Matthäus 4, 12 – 17
12 Da nun Jesus hörte, dass Johannes gefangen gesetzt worden war, zog er sich nach Galiläa zurück.
Es ist nicht das Interesse des Evangelisten, eine nahtlose Erzählung zu präsentieren. Er reiht Texte aneinander.. Genauer: Geschichten, die im Umlauf sind. Erzählungen, die auf den Weg Jesu zurückblicken. Oft ohne jede Anmerkung, ohne den Versuch, den Leser*innen den Fortgang des Evangeliums plausibel zu machen..

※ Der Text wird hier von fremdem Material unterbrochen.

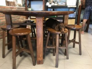 隣のテーブルに犬を発見!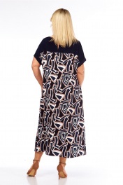 Платье женское А — силуэта, комбинированное. Верх переда и спинки выполнены из трикотажного полотна. Горловина круглой формы, окантована. По переду вышивка шнуром. Спинка разрезная, по горловине застежка на навесную петлю и пуговицу. Рукава спущенные с манжетами внизу. В боковых швах обработаны карманы. Обращаем Ваше внимание, что цвет на экране может отличаться от реального. Состав: вискоза — 64%, нейлон — 32%, спандекс — 4%. Описание Длина платья по спинке — 126 см, длина плеча — 29 см. р.54 — ПОГ 58 см ПОБ 65 см, р.56 — ПОГ 60 см ПОБ 67 см, р.58 — ПОГ 62 см ПОБ 69 см, р.60 — ПОГ 64 см ПОБ 71 см, р.62 — ПОГ 66 см ПОБ 73 см, р.64 — ПОГ 68 см ПОБ 75 см.

Jesus ist also zurückgekehrt aus der Wüste. Aus der so „unwirklichen“ Wirklichkeit des Ringens mit dem Versucher in die wirkliche Welt. Aus der Einsamkeit der Wüste nicht in eine große Öffentlichkeit, sondern in eine Art „Rückzugs-Gebiet“, nach Galiläa. Dort hört er, dass Johannes gefangen gesetzt worden war. Παραδίδωμι – dahingegeben heißt im Griechischen, was in der Luther-Übersetzung gefangen gesetzt ist – das gleiche Wort, das für das Ausgeliefert Werden (20,18) Jesu in der Passion verwendet werden wird. Aber noch ist es nicht so weit. Jesus entzieht sich dem Machtbereich des Herodes und geht nach Galiläa. „Jesus geht allein deshalb nach Galiläa, weil es dem göttlichen Plan entspricht, dass er im Galiläa der Heiden wirkt.“ (U. Luz, aaO. S. 170)
Johannes begibt sich nicht in Gefangenschaft, er erleidet dieses Schicksal, gefangen gesetzt zu werden. Er ist in diesem Geschehen nicht aktiv, sondern passiv. Darum zögere ich ein wenig zuzustimmen: „Die Formulierung im Passiv deutet an, dass Gott auch dabei seine Hand im Spiel hat, obwohl das die Schuld der daran beteiligten Menschen nicht mindert. Auch das Schicksal des Täufers ist Konsequenz eines Auftrages, zu dem ihn Gott gesandt hat.“(W. Klaiber, Das Matthäus-Evangelium. Teil 1, Neukirchen 2015, S. 67) Nicht jedes Passiv deutet zwangsläufig auf Gottes Mitwirken hin. es erklärt sich manchmal auch einfach aus den Abläufen. Dass das Schicksal des Täufers letztlich aus seiner Treue zu seinem Auftrag erwächst, dem ist sicher zuzustimmen.
Warum reagiert Jesus auf die Nachricht von der Festnahme Johannes mit einem Ortswechsel? Es könnte sein, dass er befürchtet, in diese „Geschichte“ mit hineingezogen zu werden. Das würde allerdings voraussetzen, dass er sich irgendwie dem Johanneskreis zugeordnet fühlte. Darüber gibt es nur Spekulationen, keinen textfesten Informationen. Immerhin mag es sein, dass so etwas wie Furcht den Wechsel des Wohnortes mit bestimmt.